• [TASK INSTRUCTIONS] Below are entries. Give back exactly the lines from the one containing "It’s the blind" through the one containing "После того как", inclusive, without the pictures.

━━━ THE INPUT

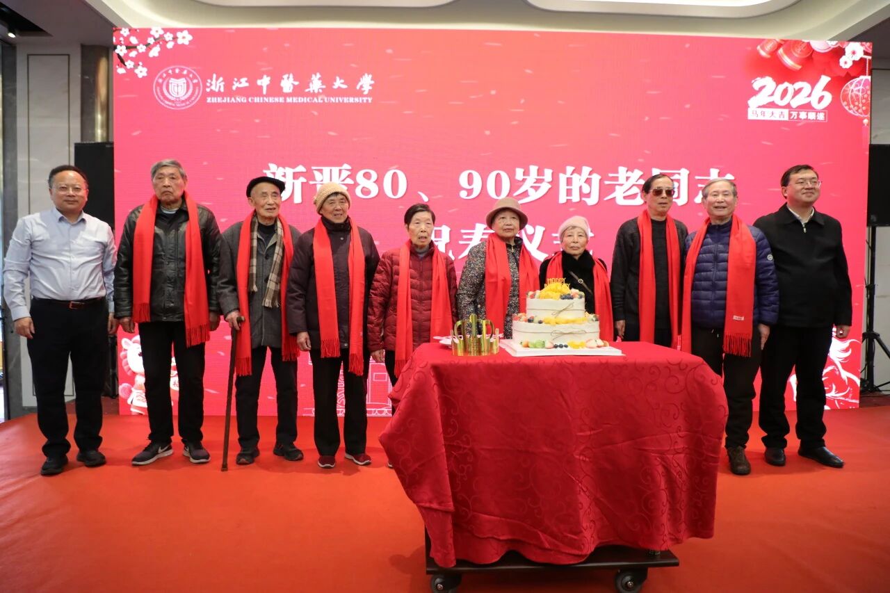 学校为新晋80岁和90岁的老同志举办祝寿仪式并送上红色长巾、长寿蛋糕和诚挚祝福。
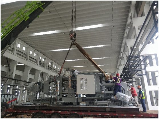 8月15日,首批生產設備進場。圖為1000T壓鑄機吊裝。
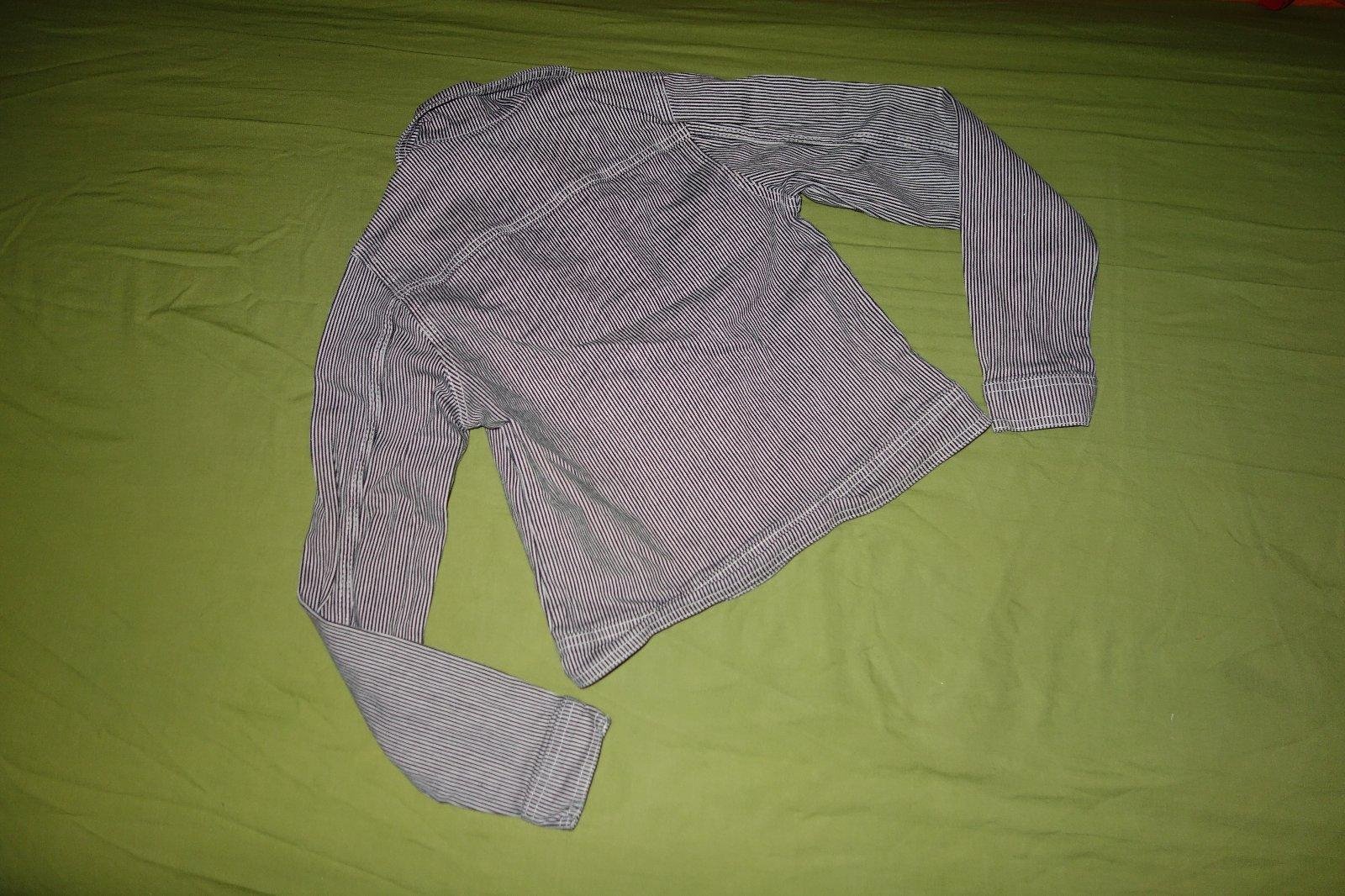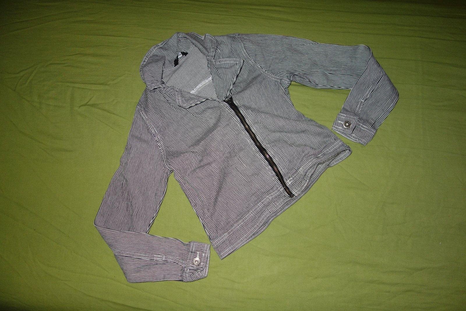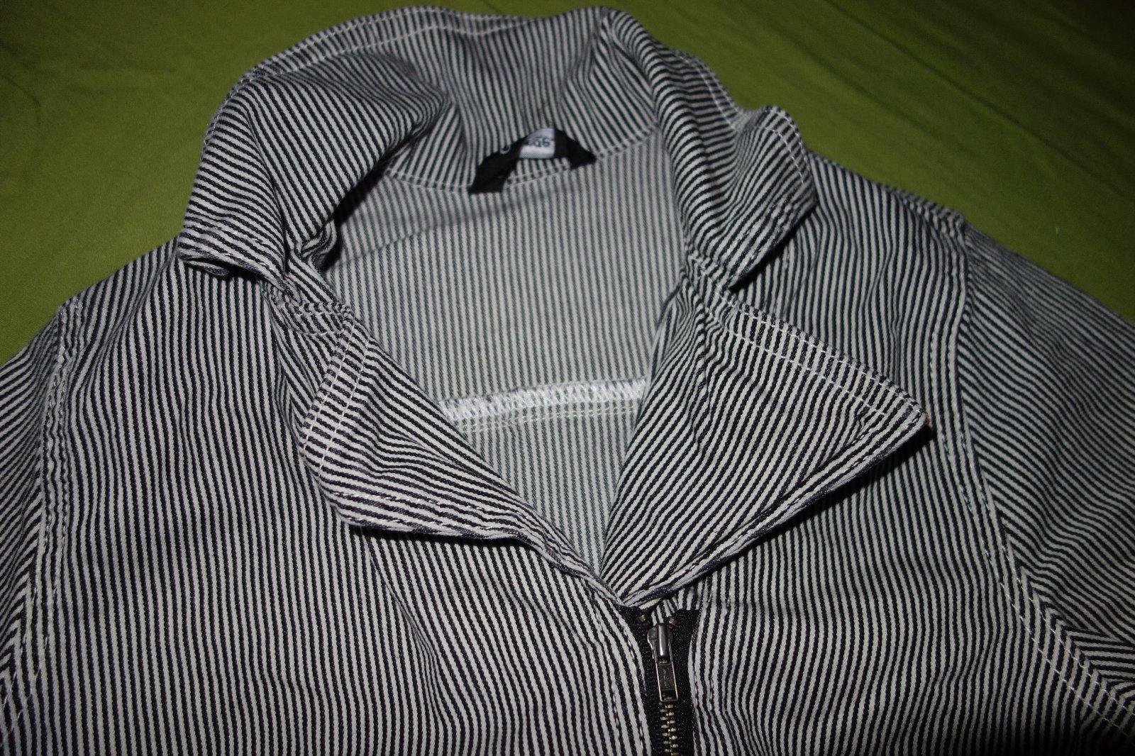Krasna pruzkovana tenka bundicka vo velmi dobrom stave. Je ako riflova.
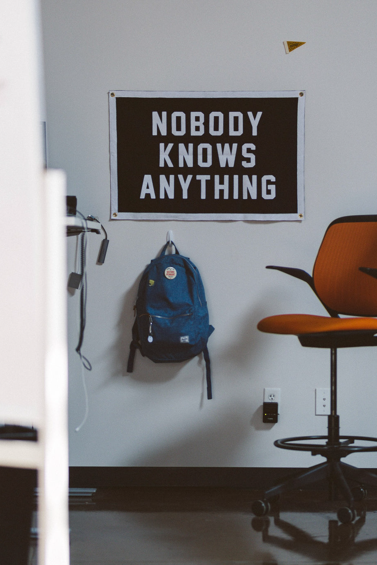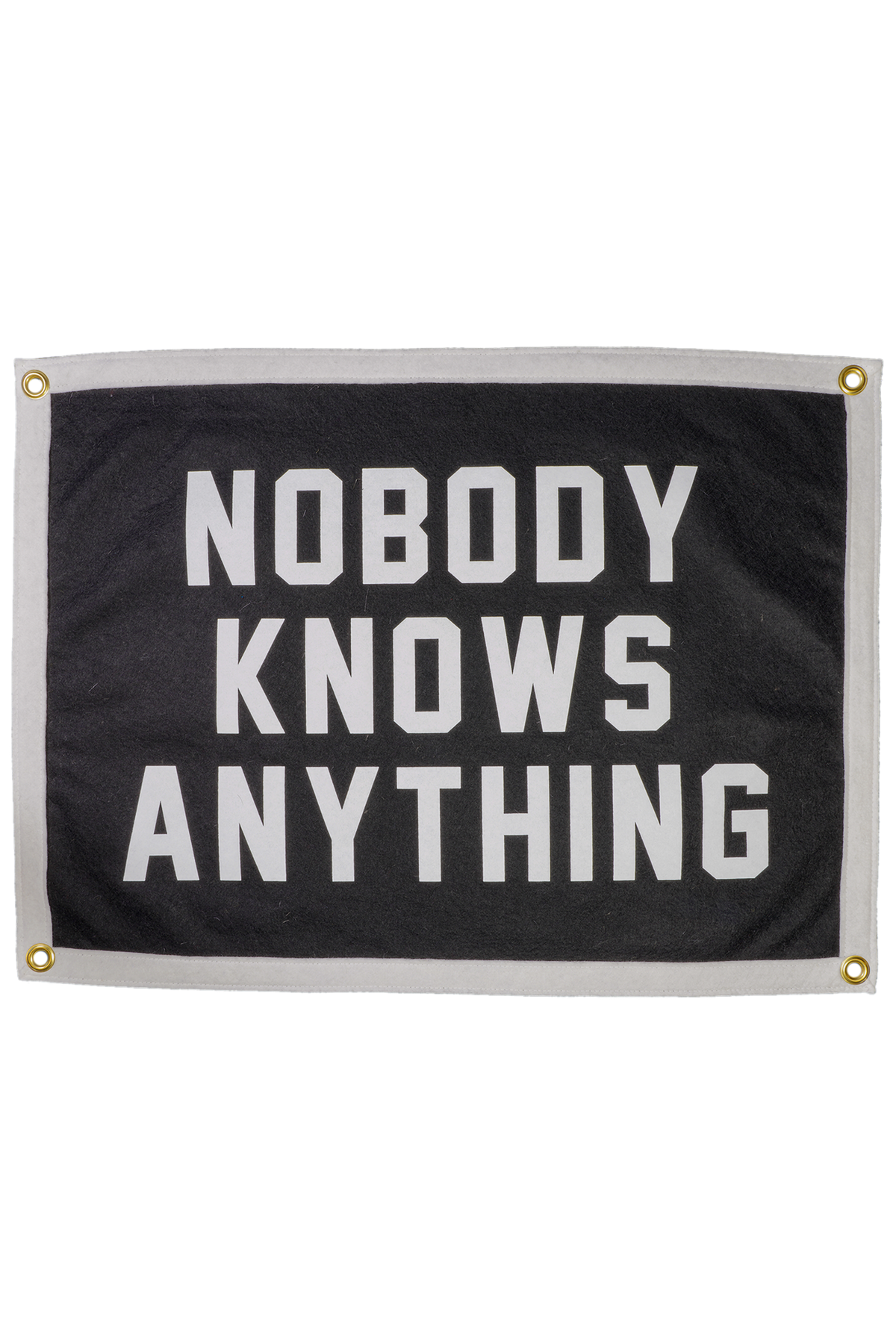 It’s the blind leading the blind. We’re all a little clueless and making things up as we go along—keep yourself and others humble with this black and white camp flag.
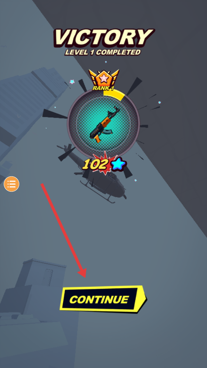 4、成功抵達(dá)直升機后,完成Level1,獲得VICTORY獎勵,點擊CONTINUE繼續(xù)挑戰(zhàn)后續(xù)關(guān)卡,解鎖更多內(nèi)容與獎勵。
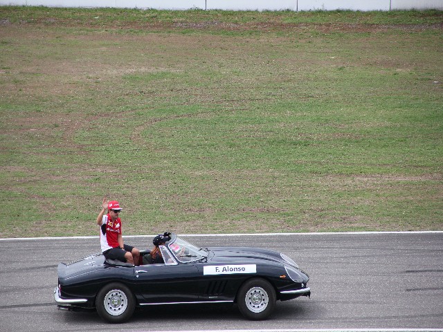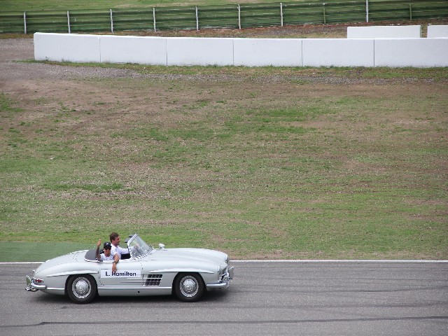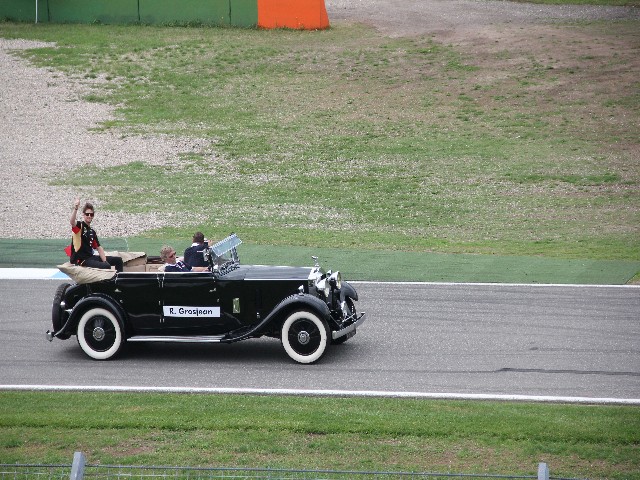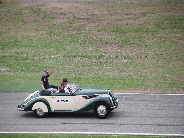 После того как все гонки (кроме Ф1) закончились, начался парад пилотов на ретро автомобилях. Сначала они проехали круг без пилотов, каждая была подписана, а потом на стартовой прямой в них сели «водилы» Ф1.
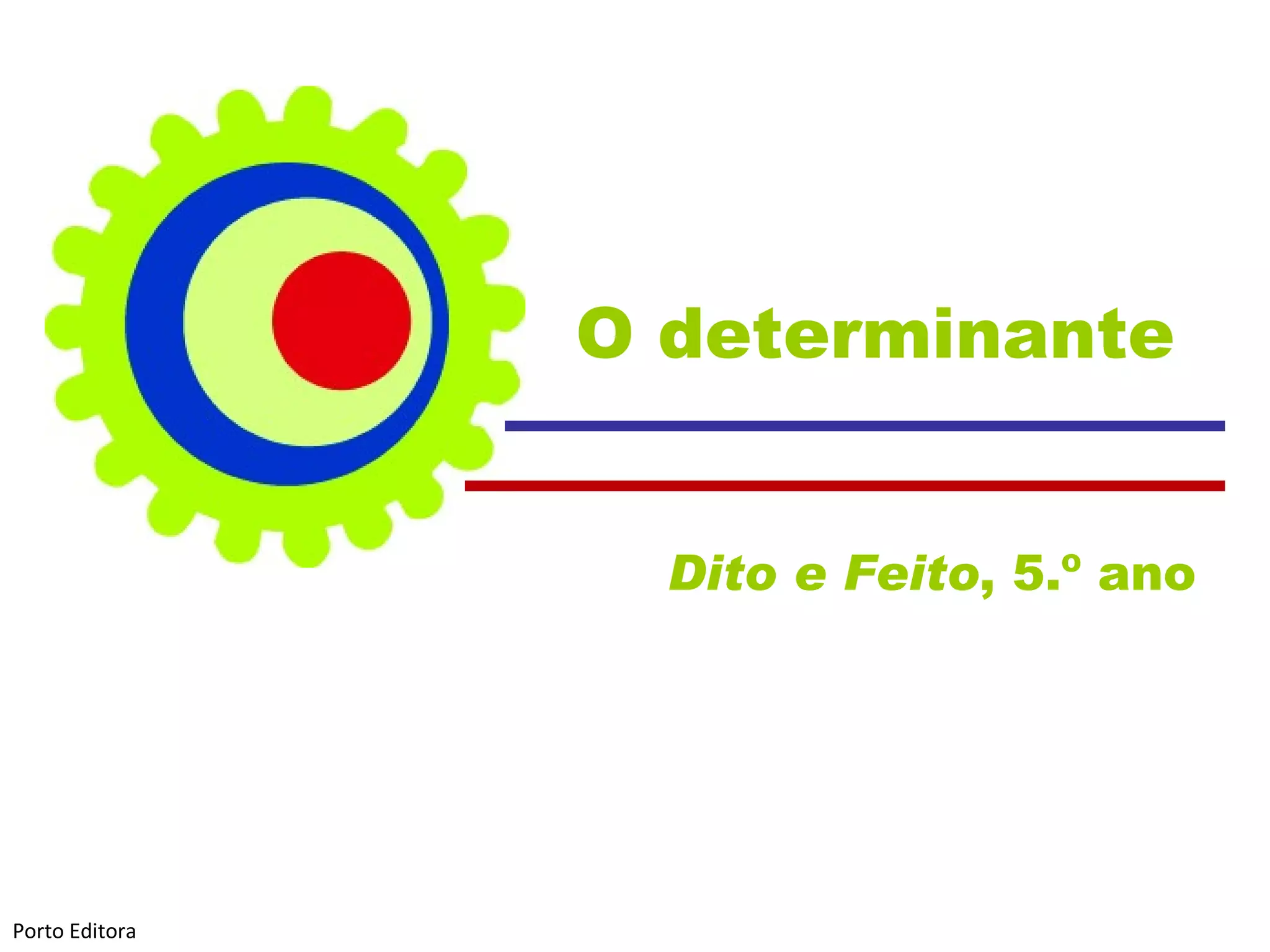Este documento fornece uma explicação sobre os diferentes tipos de determinantes em português, incluindo artigos, demonstrativos e possessivos. Ele explica que os determinantes concordam em gênero e número com os nomes ou grupos nominais que acompanham e fornece exemplos dos diferentes determinantes para singular e plural, masculino e feminino.
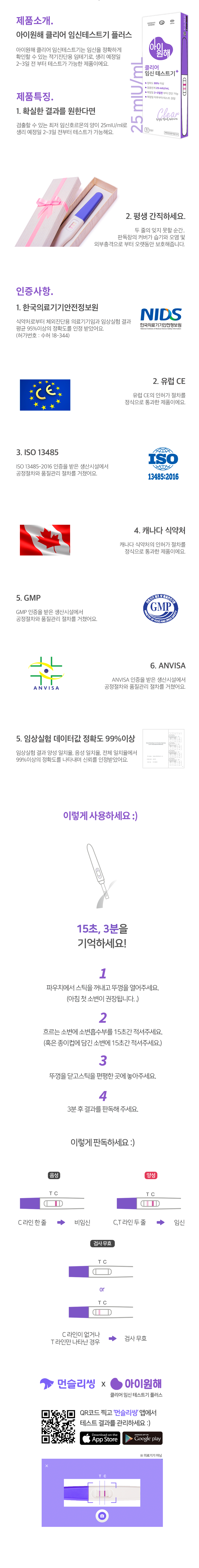 본사 [아이원해] 클리어 임신 테스트기 플러스 (스틱형, 1개입/박스) - 적기진단용 / 생리 예정일 2-3일전 부터 사용가능
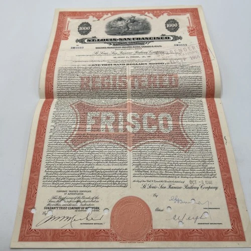 1948 St Louis-San Francisco Railway $1000/$100 Mortgage Income Bonds
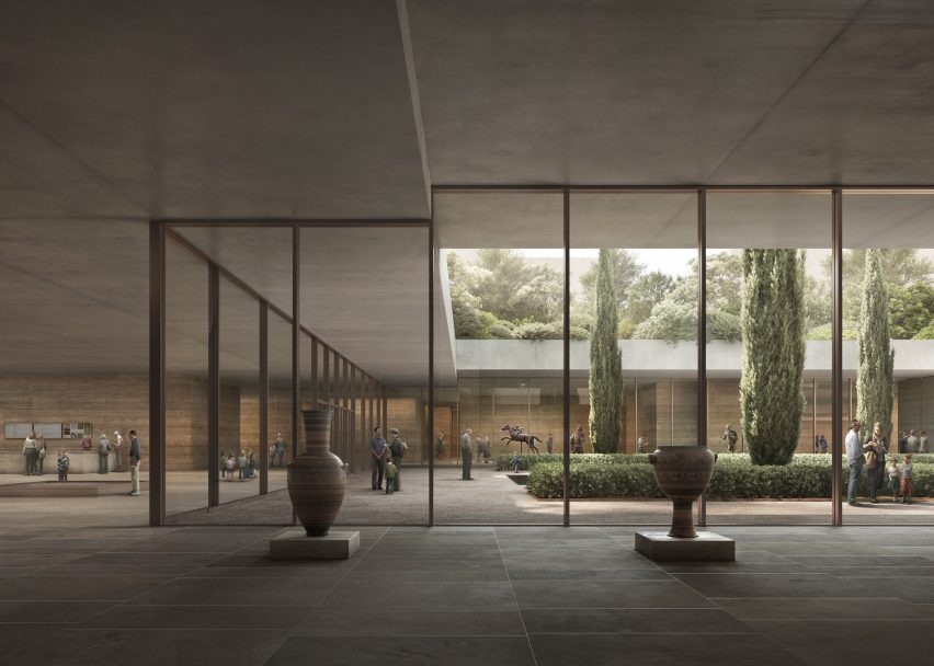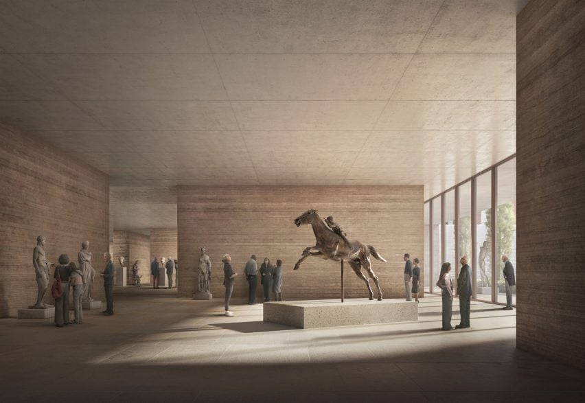 这将使博物馆的主要入口向前延伸到街道水平,并让路人可以瞥见博物馆内部,有助于重建博物馆与城市的联系。扩建部分的设计采用了“纯粹而清晰的建筑语言”,以避免分散对原始建筑的注意力,而夯土墙旨在营造一种置身于地下的感觉,与考古展览的性质相呼应。
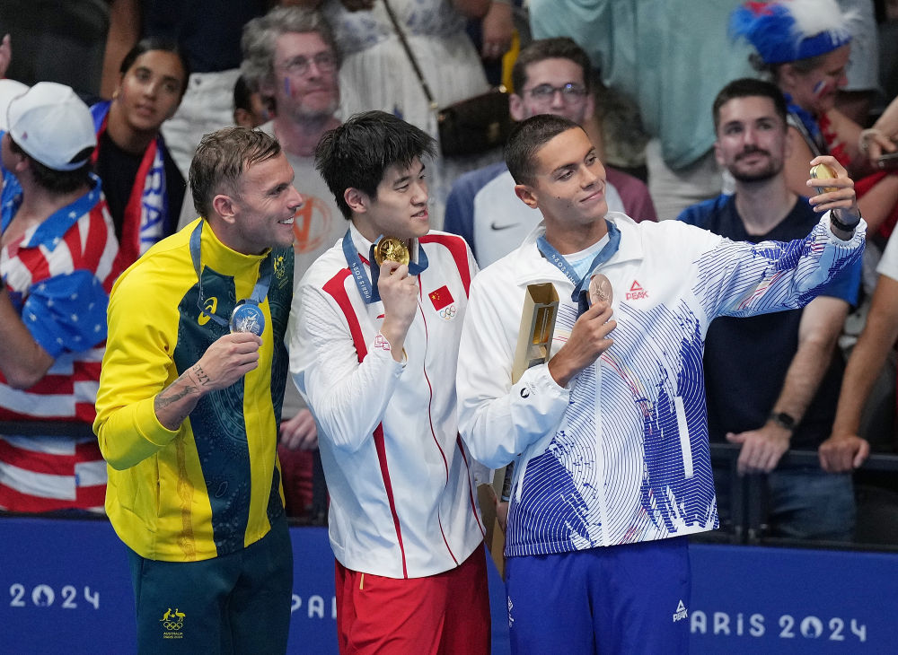 冠军中国选手潘展乐(中)、亚军澳大利亚选手查默斯(左)与季军罗马尼亚选手波波维奇在颁奖仪式后。新华社记者 雒圆 摄
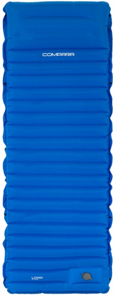 Samonafukovací karimatka loap compara s integrovanou pumpou je extrémně pohodlná a přispívá ke kvalitnímu spánku díky polštářku v hlavové části podložky, výraznému žebrování po celé ploše a tloušťce 10 cm. Nosnost má až 200 kilogramů, zatímco sama váží jen 1140 gramů. Tato výrazná samonafukovačka se hodí na kempink, turistiku a stanování od jara do podzimu. Není určena k použití na vodě. Karimatka se dá přeložit na polovinu. Součástí balení je i opravná sada na případné poškození způsobené běžným používáním. Integrovaná pumpa. Nadstandardní délka 195 cm a tloušťka 10 cm. Výrazný design
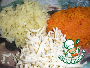 Картофель и плавленный сырок натереть на крупной терке, а морковь на мелкой.
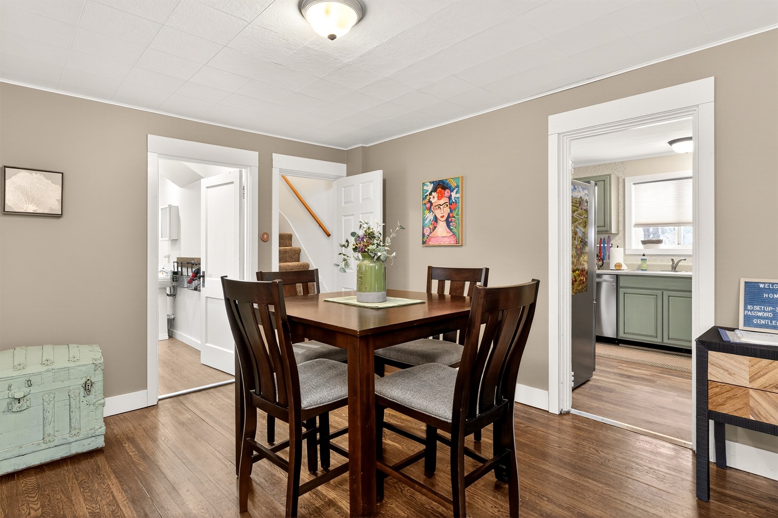 The home offers driveway parking for up to three vehicles and comfortably accommodates up to eight guests. With two full bathrooms, a cozy living room, and two kitchen spaces—a fully stocked kitchen on the main floor and a convenient kitchenette upstairs—this home is ideal for families or couples seeking comfort and convenience in a central village location.

━━━━━━

• [RESULT BELOW]
 It’s the blind leading the blind. We’re all a little clueless and making things up as we go along—keep yourself and others humble with this black and white camp flag.
 4、成功抵達(dá)直升機后,完成Level1,獲得VICTORY獎勵,點擊CONTINUE繼續(xù)挑戰(zhàn)后續(xù)關(guān)卡,解鎖更多內(nèi)容與獎勵。
 После того как все гонки (кроме Ф1) закончились, начался парад пилотов на ретро автомобилях. Сначала они проехали круг без пилотов, каждая была подписана, а потом на стартовой прямой в них сели «водилы» Ф1.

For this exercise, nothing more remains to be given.